Минуточку. Вот она лазейка! Если разрабатывать версию насильственного похищения Баткина, то прежде всего надо акцентировать внимание на том, где произошел прокол в системе безопасности, где именно случилась утечка. Ведь если верить Будникову (а чего ж ему не верить?), то тут все за семьюдесятью семью печатями хранится…
Сильный аромат кофе заставил Турецкого поднять голову. На столе на подносе стоял кофейник, чашка с блюдцем и свежие булочки. За стол с другой стороны уже по-хозяйски усаживалась высокая, сухопарая женщина с крашеными рыжими волосами. Брови ее были сдвинуты к переносице. Турецкий догадался, что это Мордвинова, секретарша Баткина.
— Вас зовут Алевтина Михайловна?
Но поразить проницательностью ее не удалось.
— Перекусите, — сурово молвила Мордвинова, не дрогнув ни единым мускулом. — Анатолий Вячеславович распорядился.
Турецкий с благодарностью взял чашку, и она тут же выскользнула из рук — ударилась о край стола, раскололась, горячая жидкость брызнула на пиджак. Мордвинова молча посмотрела на Турецкого так, что тот даже испугался. Сказала только:
— Снимайте пиджак.
Турецкий немедленно подчинился, и она ушла с его пиджаком в руках. Вернулась через несколько минут, отдала пиджак, собрала осколки, вытерла стол. И тут Турецкого осенило: все, что ни делается, — все к лучшему. Ведь Баткину нужна была спецодежда для поездки в Стокгольм! Правда, он мог ее себе справить и там, на месте, но оставалось мало времени, у Баткина вылет из Москвы был за день до церемонии… Словом, это стоило проверить, может, она что и знает.

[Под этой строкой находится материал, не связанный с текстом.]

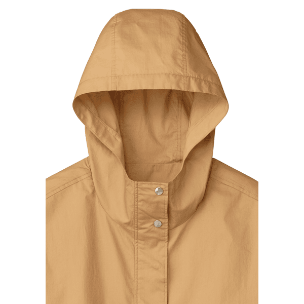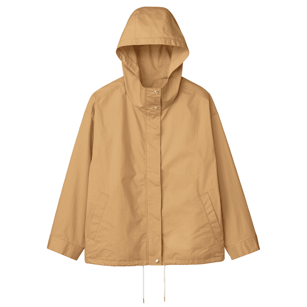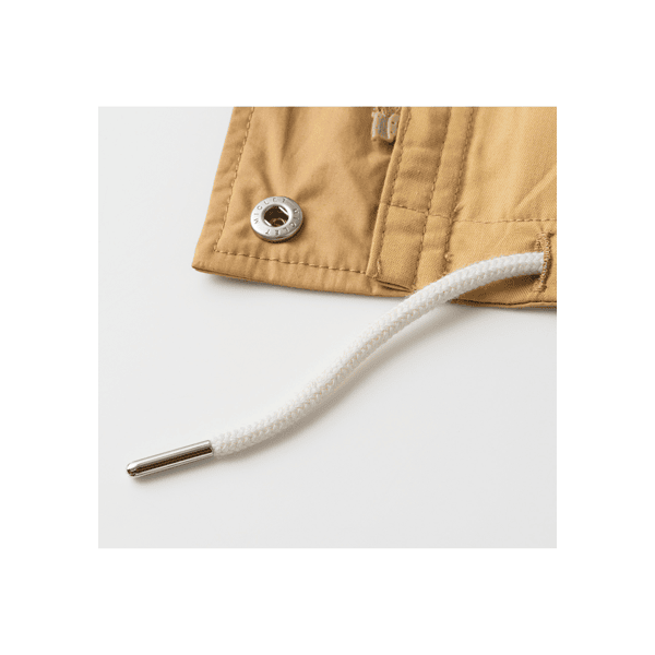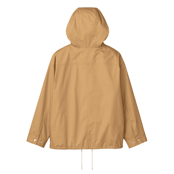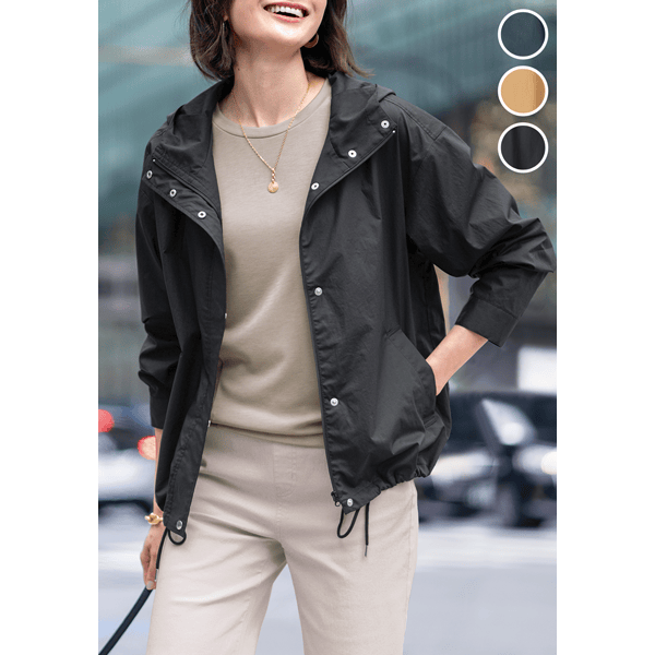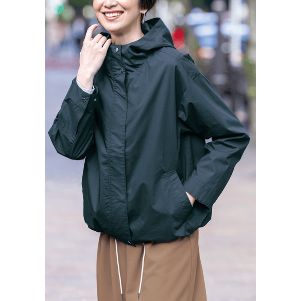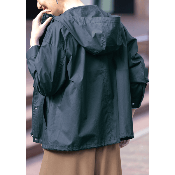 どなたでも着こなしやすい、ショート丈のジャケット。ゆとりのあるサイズ感とヒップにかかる丈感、ドローコードのアレンジでバランスもとりやすいです。綿100%のさらりとした着心地で夏まで役立ちます。

— А как насчет фрака вашего шефа? — поинтересовался он.
— Откуда вы знаете? — удивилась Мордвинова.
— Что я знаю?
— Ну что он фрак заказывал.
— Я просто предположил, — терпеливо объяснил Турецкий. — Нобелевские премии получают во фраках. Вы разве про это не слышали никогда?
— Мое дело маленькое, — обиделась Мордвинова.
— Так заказывал или нет? — Турецкий начал терять терпение.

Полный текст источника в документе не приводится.